(DATA TO USE)

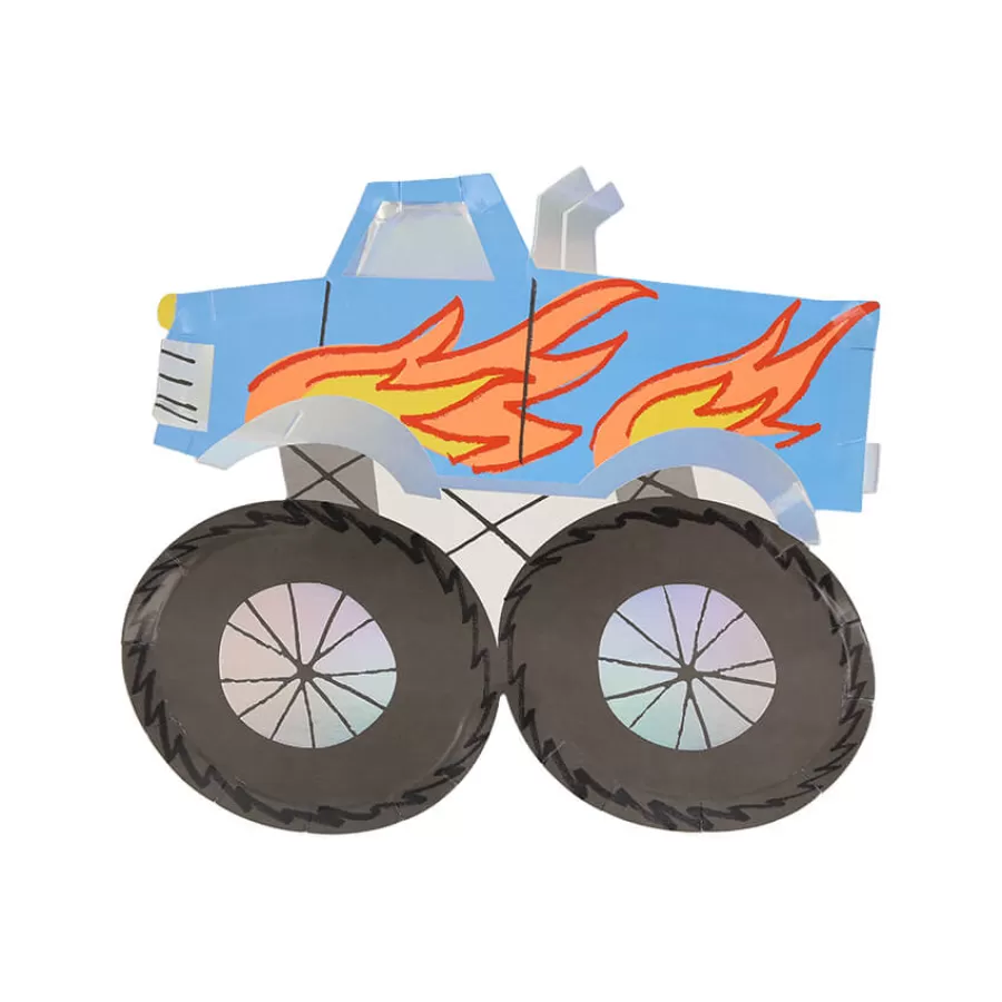 Χάρτινα πιάτα Monster Truck σε 3 χρώματα (σιέλ, κόκκινο & μαύρο) με ολογραφικές λεπτομέρειες.
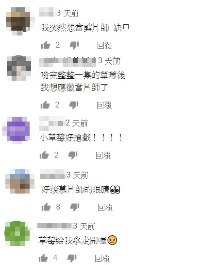 影片結束後,網友們對於草莓馬賽克,紛紛表達意見:「我突然想當剪片師 缺ㄇ」、「啃完整整一集草莓後 我想應徵當片師了」、「小草莓好搶戲!!!」、「好羨慕片師的眼睛」、「草莓給我拿走開喔」。
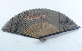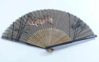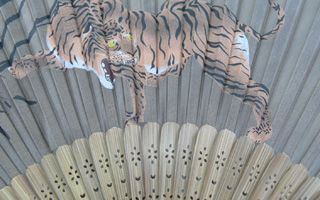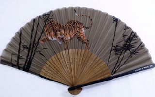 屏風絵などでありそうな躍動感あふれる虎と竹林が描かれた扇子です。
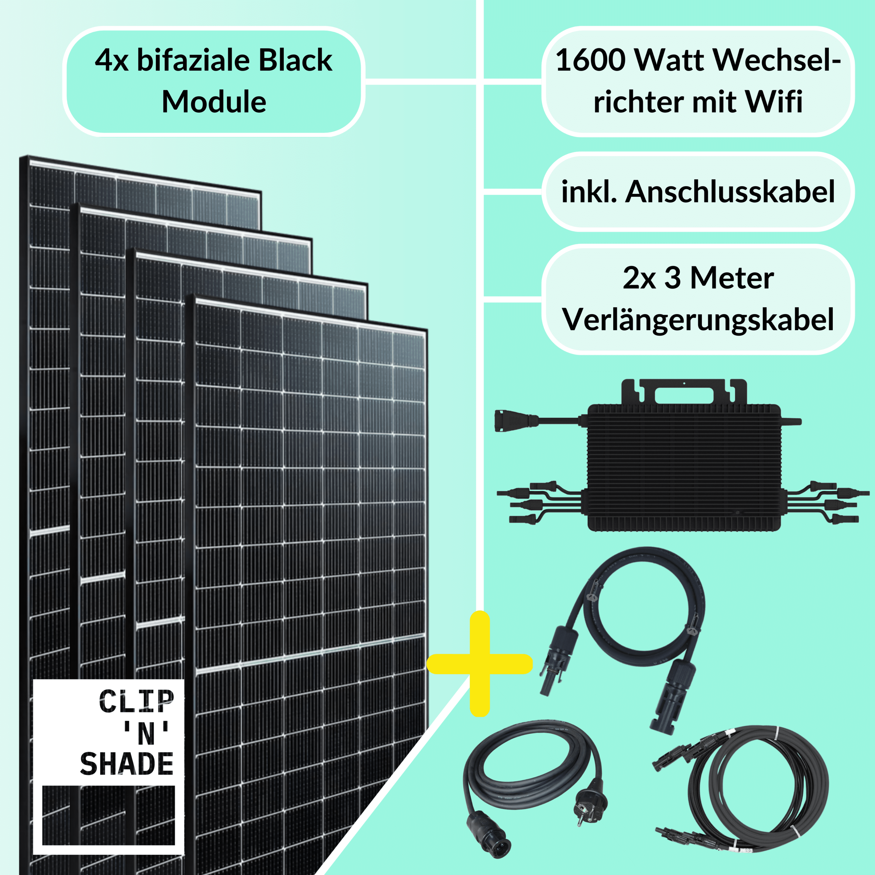 Composé de 4x 430Wp modules Black et d'un onduleur Hoymiles HMS-1600-4T + connexion et câble d'extension
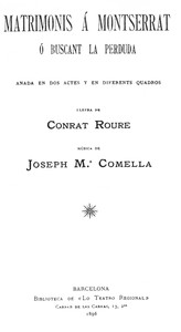 "Matrimonis a Montserrat o Buscant la perduda: Anada en dos actes i en..." de Conrad Roure és una obra còmica catalana escrita a finals del segle XIX. Ambientada durant una animada excursió al monestir de Montserrat, se centra en dos recent casats que no coincideixen —Bonifaci amb la jove Càndida i el jove Martí amb la Pona, la gran— i en Miquel, un pagès que busca ansiosament la seva dona Roseta. El to és musical i juganer, amb cors, danses i una sàtira suau d'excursionistes i funcionaris de poca monta, mentre la gelosia i el flirteig provoquen friccions còmiques. L'inici de l'obra comença en un vagó de tren ple de gom a gom amb destinació a Montserrat, on els viatgers canten, bromegen i coneixem les parelles, el jovial Narcís i Miquel, que admet que ha "perdut" la Roseta. Al monestir, l'allotjament s'organitza un al costat de l'altre, la gelosia de la Pona s'encén i, a la llum de la lluna a l'ermita dels Apòstols, un maldestre ajuntament del Bruch proporciona un toc còmic abans que tothom balli una sardana. A les escenes del restaurant, els excursionistes brinden amb vi local mentre un fotògraf s'esforça per fer un retrat de grup; la Càndida interpreta un vals, la Pona assetja en Martí i en Miquel arruïna una foto cridant "Roseta!" mentre continua buscant. Pels camins de la Cova i cap a Sant Jeroni, un cor de mariners canta en un interludi panoràmic, i en Narcís finalment porta a en Miquel notícies tranquil·litzadores a través del missatge d'un comerciant que la Roseta està bé, mentre el grup es prepara per continuar la seva excursió, alguns amb rucs, altres a peu. (Aquest és un resum generat automàticament.)
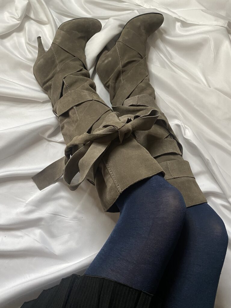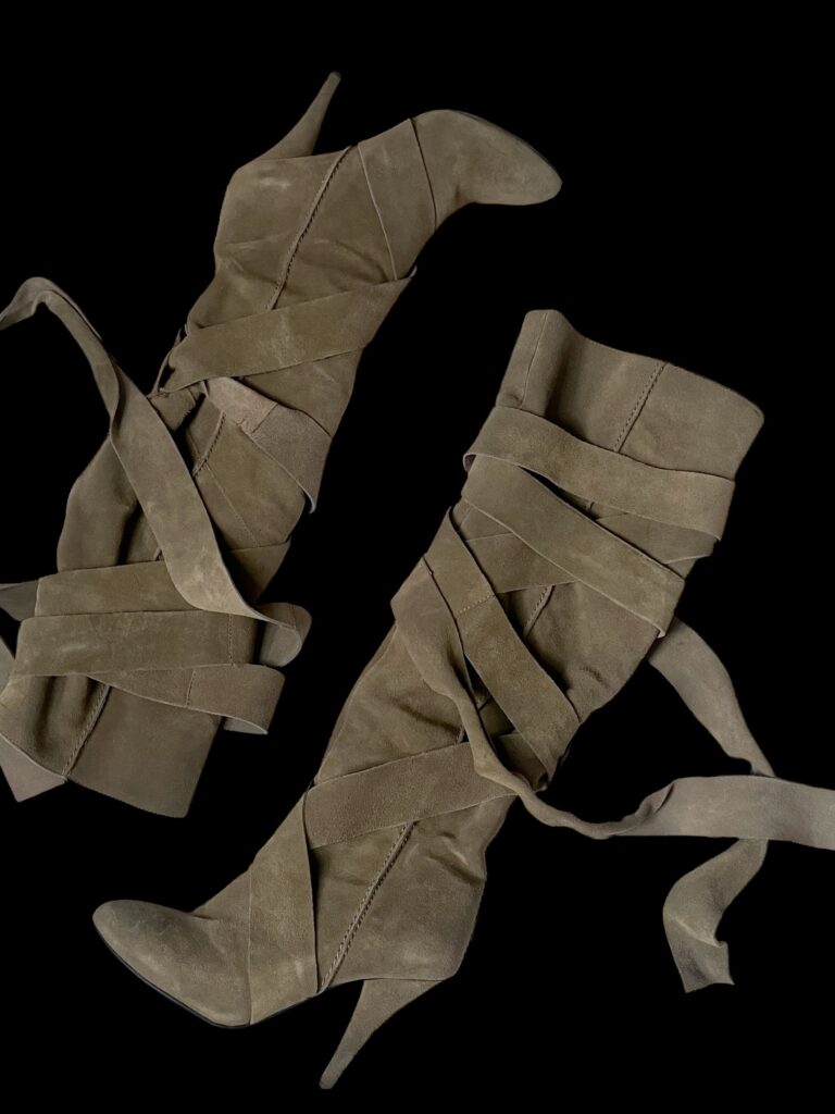 bondage style high heels italian designed boots. Features long straps all around the boot to adjust as you like. High quality suede material.
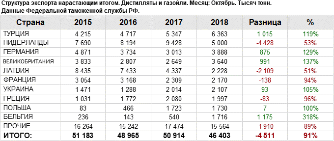 В 2018 году объем поставок дистиллятов и газойлей на экспорт достиг 46402.84 тыс. тонн. Данный объем на текущий момент составляет 91% от объема прошлого 2017 года.
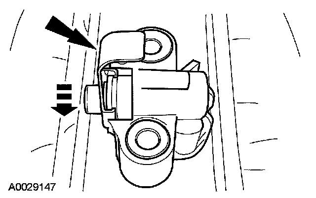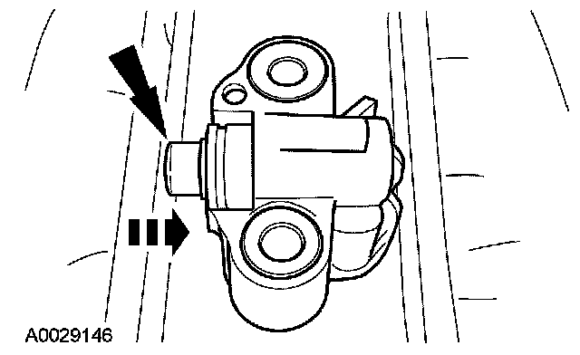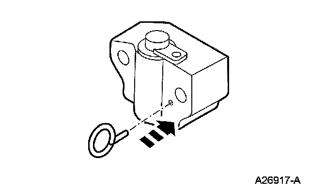 12. Install a paper clip into the hole of each tensioner housing to hold the ratchet assembly and plunger in during installation.
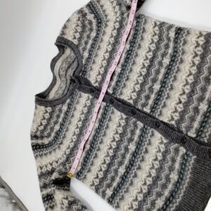 Theoria Nordic print buttondown cardigan sweater smaller large gray/green
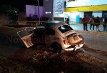 El auto terminó incrustado en el poste propiedad del Ayuntamiento, con severos daños en la parte frontal izquierda.
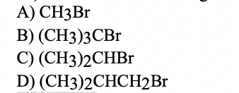 Identify the alkyl halide that reacts the fastest in a SN2 reaction.
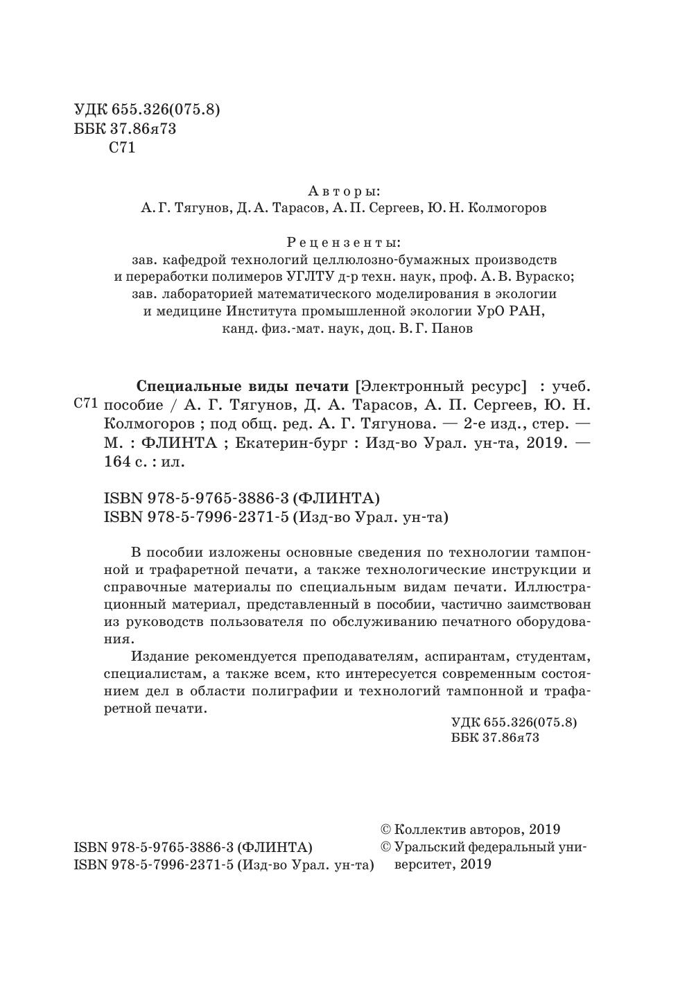 Издание рекомендуется преподавателям, аспирантам, студентам, специалистам, а также всем, кто интересуется современным состоянием дел в области полиграфии и технологий тампонной и трафаретной печати.

(End DATA TO USE)

-- WHAT THE EXERCISE ASKS --
If the records contain pictures, skip them, and transcribe exactly every line from the one with "В 2018 году" through the last line.

-- COMPLETED TASK --
 В 2018 году объем поставок дистиллятов и газойлей на экспорт достиг 46402.84 тыс. тонн. Данный объем на текущий момент составляет 91% от объема прошлого 2017 года.
 12. Install a paper clip into the hole of each tensioner housing to hold the ratchet assembly and plunger in during installation.
 Theoria Nordic print buttondown cardigan sweater smaller large gray/green
 El auto terminó incrustado en el poste propiedad del Ayuntamiento, con severos daños en la parte frontal izquierda.
 Identify the alkyl halide that reacts the fastest in a SN2 reaction.
 Издание рекомендуется преподавателям, аспирантам, студентам, специалистам, а также всем, кто интересуется современным состоянием дел в области полиграфии и технологий тампонной и трафаретной печати.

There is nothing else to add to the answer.